I REMEMBER VERY WELL when the sailor came to Highfield. It was the return of the prodigal-a belated return. The hospitalities of the parable did not await him. Old Thorndike Madison was dead. And Charlie Madison, in possession as sole heir, was not pleased to see a lost brother land from a river boat after twenty years of silence.

The law presumes death after seven years, and for twenty Dabney Madison had been counted out of life-counted out by old Thorndike when he left his estate to pass by operation of law to the surviving son; and counted out by Charlie when he received the title.

The imagination of every lad in the Hills was fired by the romantic properties of this event. The Negroes carried every detail, and they would have colored it to suit the fancy had not the thing happened in ample color.

The estate had gone to rack with Charlie drunk from dawn until midnight. Old Clayborne and Mariah kept the Negro quarters, half a mile from the house. Clayborne would put Charlie to bed and then go home to his cabin. In the morning Mariah would come to get his coffee. So Charlie lived after old Thorndike, at ninety, had gone to the graveyard.

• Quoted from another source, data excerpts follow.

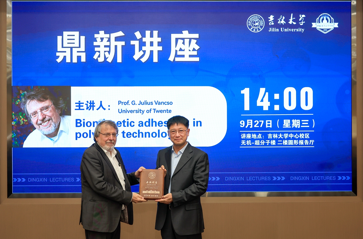 【新闻来源:吉林大学欧洲杯网站】9月27日下午,匈牙利科学院院士、英国皇家化学学会会士、荷兰特文特大学教授G. Julius Vancso应邀作为“吉林大学2023全球讲座计划”系列活动的学术大师,在中心校区无机-超分子楼二楼圆形报告厅做客吉林大学鼎新讲座,以“Towards biomimetic adhesives in polymer technology: The combat with marine fouling and some lessons to learn”为题为学校师生带来一场精彩的学术讲座。中国科学院院士、吉林大学校长张希出席讲座并为Vancso教授颁发鼎新讲座纪念牌。欧洲杯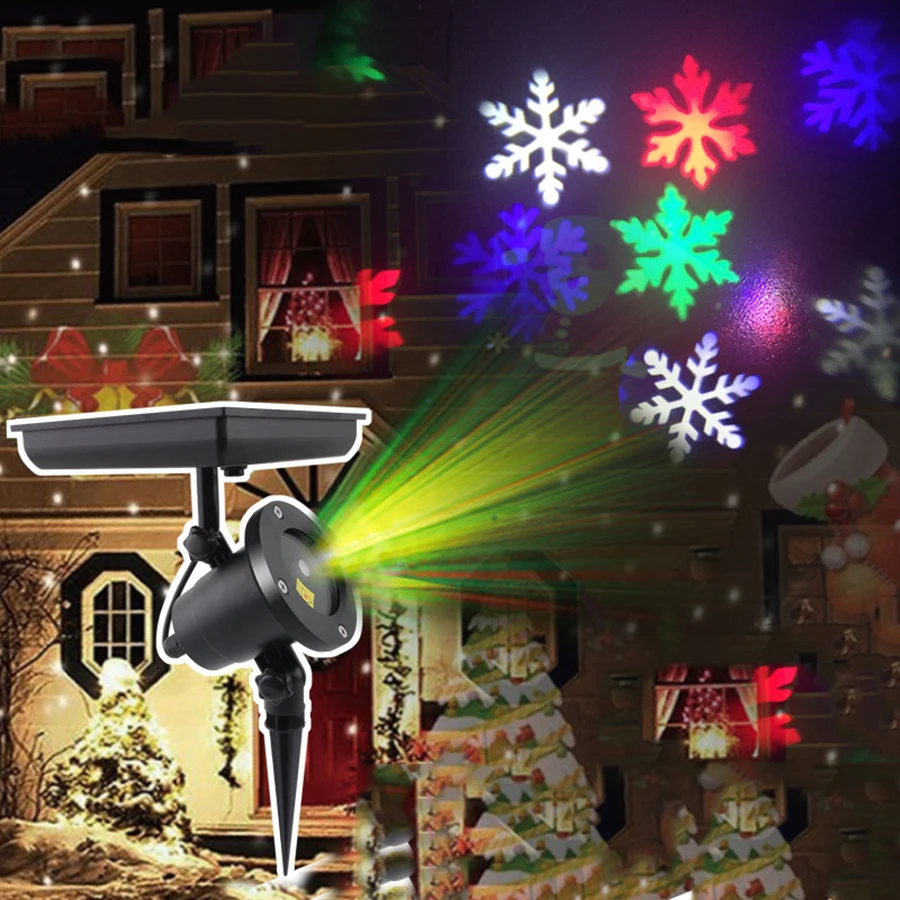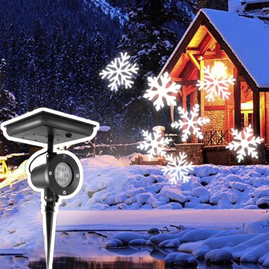 Уличные лампы-проекторы со снежинками на солнечной батарее, уличный лазерный проектор для снега, Точечный светильник для газона, пейзаж, снежинки, сценическое освещение для дискотеки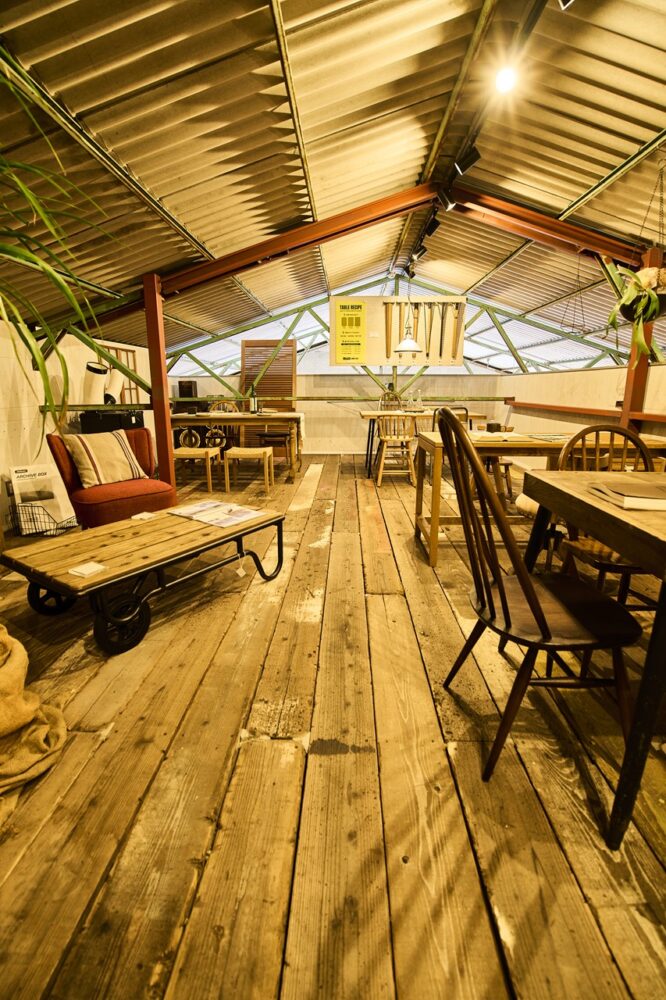 板は表面が削れてボコボコになっている。研磨をしすぎると古材感がなくなり、しなさすぎると木のトゲが刺さることも。その調整が一番難しい。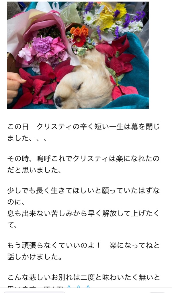 可愛かったクリスティ、天使になって私達を見守ってくれていると思います、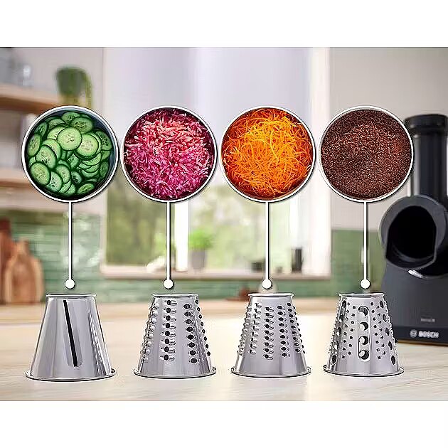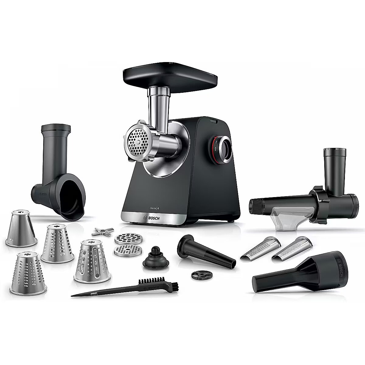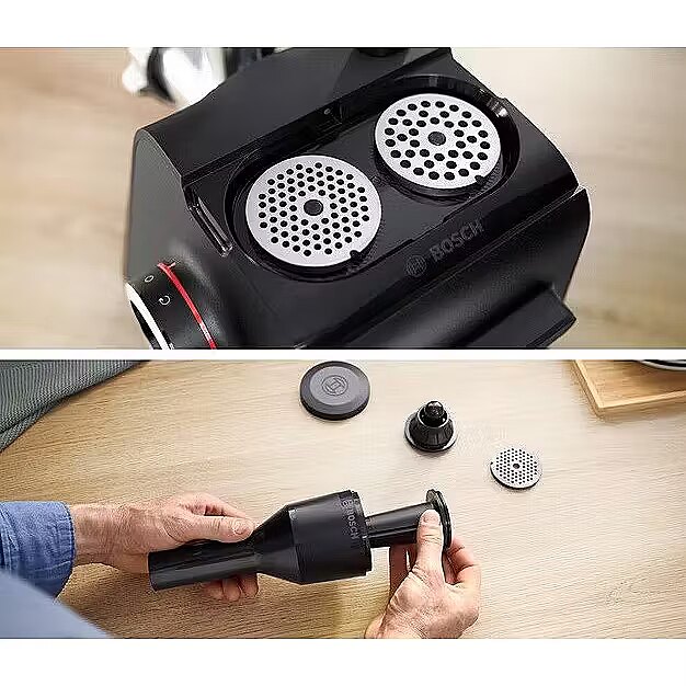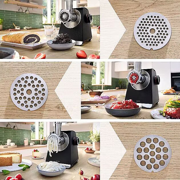 Accessories included - Lejek Popychacz Przystawka do robienia kiełbasy Wyciskarka do owoców jagodowych i pomidorów Szatkownica z 4 bębnami Sita ze stali nierdzewnej w trzech rozmiarach (3 mm, 4,5 mm i 8 mm) Dwustronny nożyk Nasadka do kebbe Szczoteczka do czyszczenia metalowych

It was a witch's night when the thing happened-rain and a high wind that wailed and whooped round the pillars and chimneys of the house. The house was set on a high bank above the river, where the swift water, running like a flood, made a sharp bend. It caught the full force of wind and rain. It was old and the timbers creaked.

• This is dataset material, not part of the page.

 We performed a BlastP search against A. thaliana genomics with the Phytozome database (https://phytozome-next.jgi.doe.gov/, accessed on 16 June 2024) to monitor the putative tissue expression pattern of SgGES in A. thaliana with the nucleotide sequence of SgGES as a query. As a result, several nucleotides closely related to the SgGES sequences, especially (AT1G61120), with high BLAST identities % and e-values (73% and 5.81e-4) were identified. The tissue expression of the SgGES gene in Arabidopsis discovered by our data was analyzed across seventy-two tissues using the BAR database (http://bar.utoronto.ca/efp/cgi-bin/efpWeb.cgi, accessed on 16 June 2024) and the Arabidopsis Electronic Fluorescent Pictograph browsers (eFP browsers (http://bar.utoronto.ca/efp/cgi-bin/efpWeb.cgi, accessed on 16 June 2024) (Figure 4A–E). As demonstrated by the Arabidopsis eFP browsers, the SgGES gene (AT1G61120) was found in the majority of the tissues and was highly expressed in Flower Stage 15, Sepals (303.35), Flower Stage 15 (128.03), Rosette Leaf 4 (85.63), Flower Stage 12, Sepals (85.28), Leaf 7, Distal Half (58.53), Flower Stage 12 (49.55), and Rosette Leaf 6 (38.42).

Charlie was drunk. He cried out when he saw the lost brother and got unsteadily on his legs.

"You are not Dabney!" he said. "You are a picture out of a storybook!" And he laughed in a sort of half terror, like a child before a homemade ghost. "Look at your earrings!"

It was a good comment for a man in liquor; for if ever a character stepped out of the pages of a pirate tale, here it was.

Dabney had lifted the latch and entered without warning. He had the big frame and the hawk nose of his race. He was in sea-stained sailor clothes, his face white as plaster, a red cloth wound tightly round his head, huge half-moon rings in his ears; and he carried a seaman's chest on his shoulder.

Old Clayborne told the story.

Dabney put down his chest carefully, as though it had something precious in it. Then he spoke.

"Are you glad to see me, brother?"

Charlie was holding on to the table with both hands, his eyes bleared, his mouth gaping.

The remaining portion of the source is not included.